(Beginning of ENTRIES SHOWN)
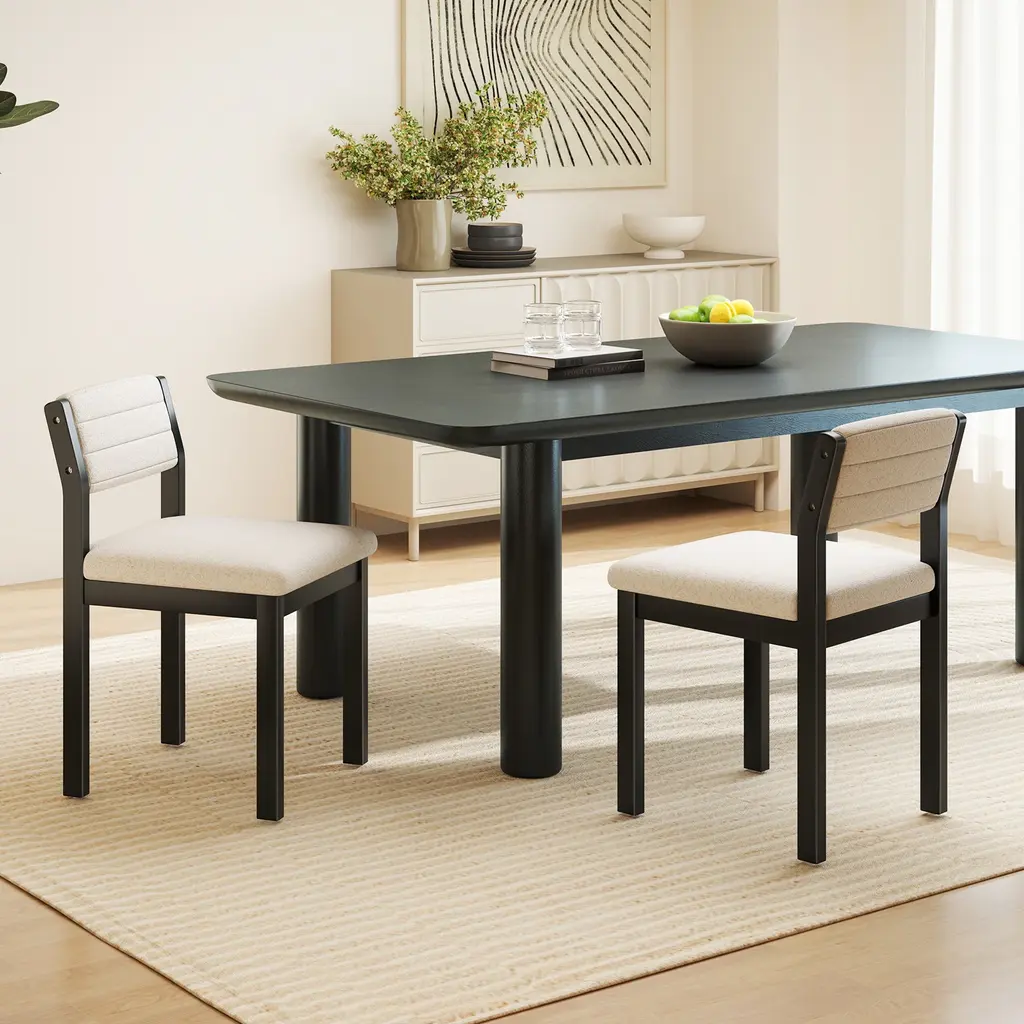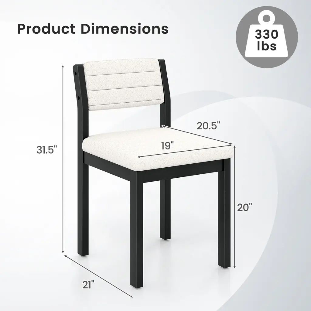 SpecificationsKey Features● Deluxe Sherpa Upholstery: The seat and backrest of these dining chairs are wrapped in soft sherpa fleece, renowned for its luxurious softness and exceptional comfort. The sherpa fleece not only adds a touch of elegance to your dining area but also allows you to enjoy long meals without discomfort.● Ergonomic Backrest: The armless kitchen chairs are equipped with slanted backrests that conform to the natural alignment of your spine, providing unparalleled lumbar support and helping enhance your posture while sitting.● Spacious Seating: Unlike traditional dining chairs with narrow seats, our modern dining chairs boast a wide 20 x 20.5" seat. The generous seating area, coupled with an armless design, not only enhances freedom of movement but also facilitates easy sitting and standing.● Sturdy Wood Construction: Crafted with a stable frame supported by wooden legs, the upholstered dinette chairs offer optimal sturdiness. With a maximum weight capacity of 330 lbs, these chairs are built to last. Plus, the addition of anti-slip pads ensures that your floors remain scratch-free.● Contemporary Elegance: Boasting a contemporary design, the accent side chairs effortlessly blend in with any interior setting, such as your living room, kitchen, or restaurant. The dimensions of each dining room chair are 21" x 19" x 31.5"(L x W x H).
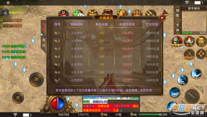 副本Boss:每日中午12点和晚上24点,爆率非常可观,是打装备元宝的绝佳去处
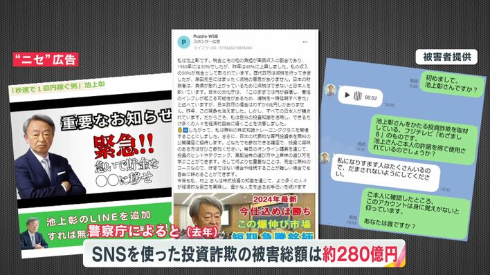 警察庁によると、SNSを使った投資詐欺の2023年の被害総額は約280億円に。
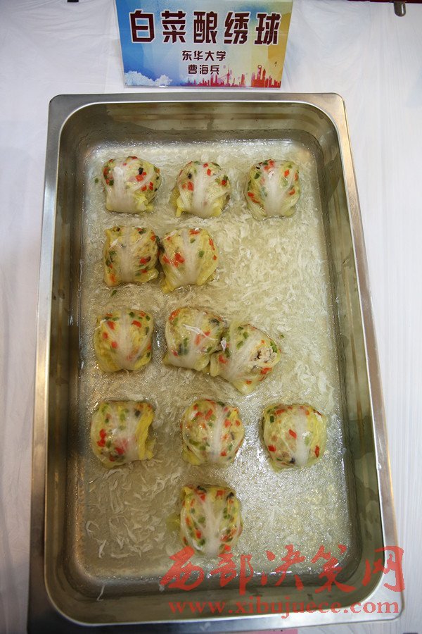 最終,在歷經(jīng)數(shù)個小時的比賽后,東華大學(xué)怡香菊花雞、復(fù)旦大學(xué)一品葫蘆鴨、上海財經(jīng)大學(xué)時蔬雞翅、上海外國語大學(xué)燈籠雞米盞等10道菜脫穎而出,獲得禽菜類前10名,東華大學(xué)白菜釀繡球、上海音樂學(xué)院果味麻花魚、上海交通大學(xué)芝士烤甘薯等5道菜獲得人氣類前5名。
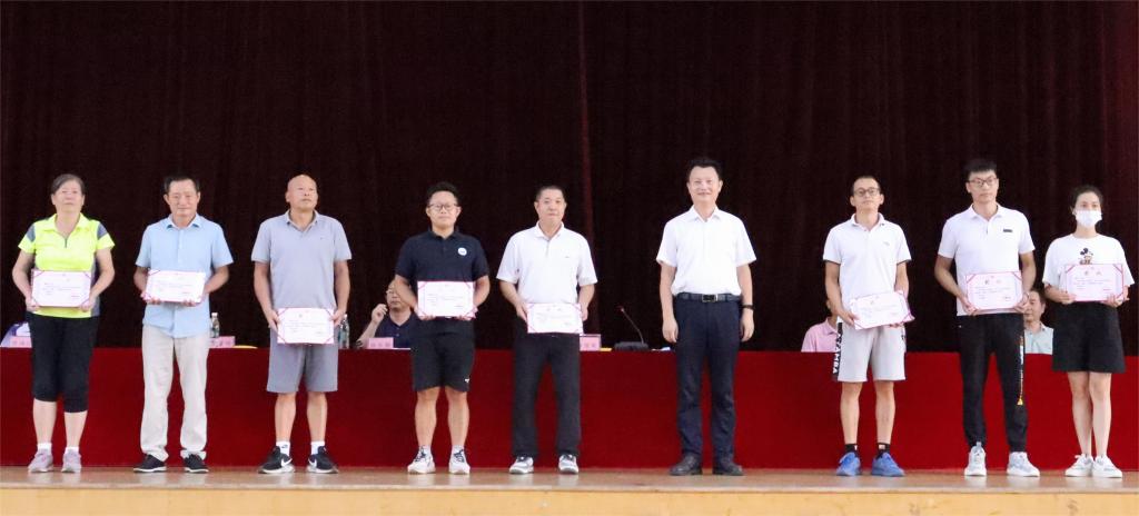 会后,全体人员在体育馆门前合影留念。
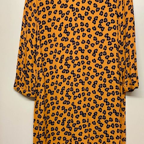 Indiska naisten tunika, koko L, kaunis vaaleansininen kuviollinen kangas, jossa valkoinen kukka- ja lehtiprintti, pitkät hihat ja nappikiinnitys edessä alas asti ja hihansuissa. Malli on väljä, rypytyksiä edessä ja takana, pituudeltaan tunikamainen,halkiot molemmilla sivuilla.Materiaalista ei tietoa, mutta hyvin laskeutuva ja siliävä kangas,
(End of ENTRIES SHOWN)
* [ABOUT THIS EXERCISE]: Only the lines from the one with "会后,全体人员在体育馆门前合影留念。" through the final line of the entries belong in the answer, set down exactly, with both ends included and no pictures.

* [SOLUTION TO THIS TASK]:
 会后,全体人员在体育馆门前合影留念。
 Indiska naisten tunika, koko L, kaunis vaaleansininen kuviollinen kangas, jossa valkoinen kukka- ja lehtiprintti, pitkät hihat ja nappikiinnitys edessä alas asti ja hihansuissa. Malli on väljä, rypytyksiä edessä ja takana, pituudeltaan tunikamainen,halkiot molemmilla sivuilla.Materiaalista ei tietoa, mutta hyvin laskeutuva ja siliävä kangas,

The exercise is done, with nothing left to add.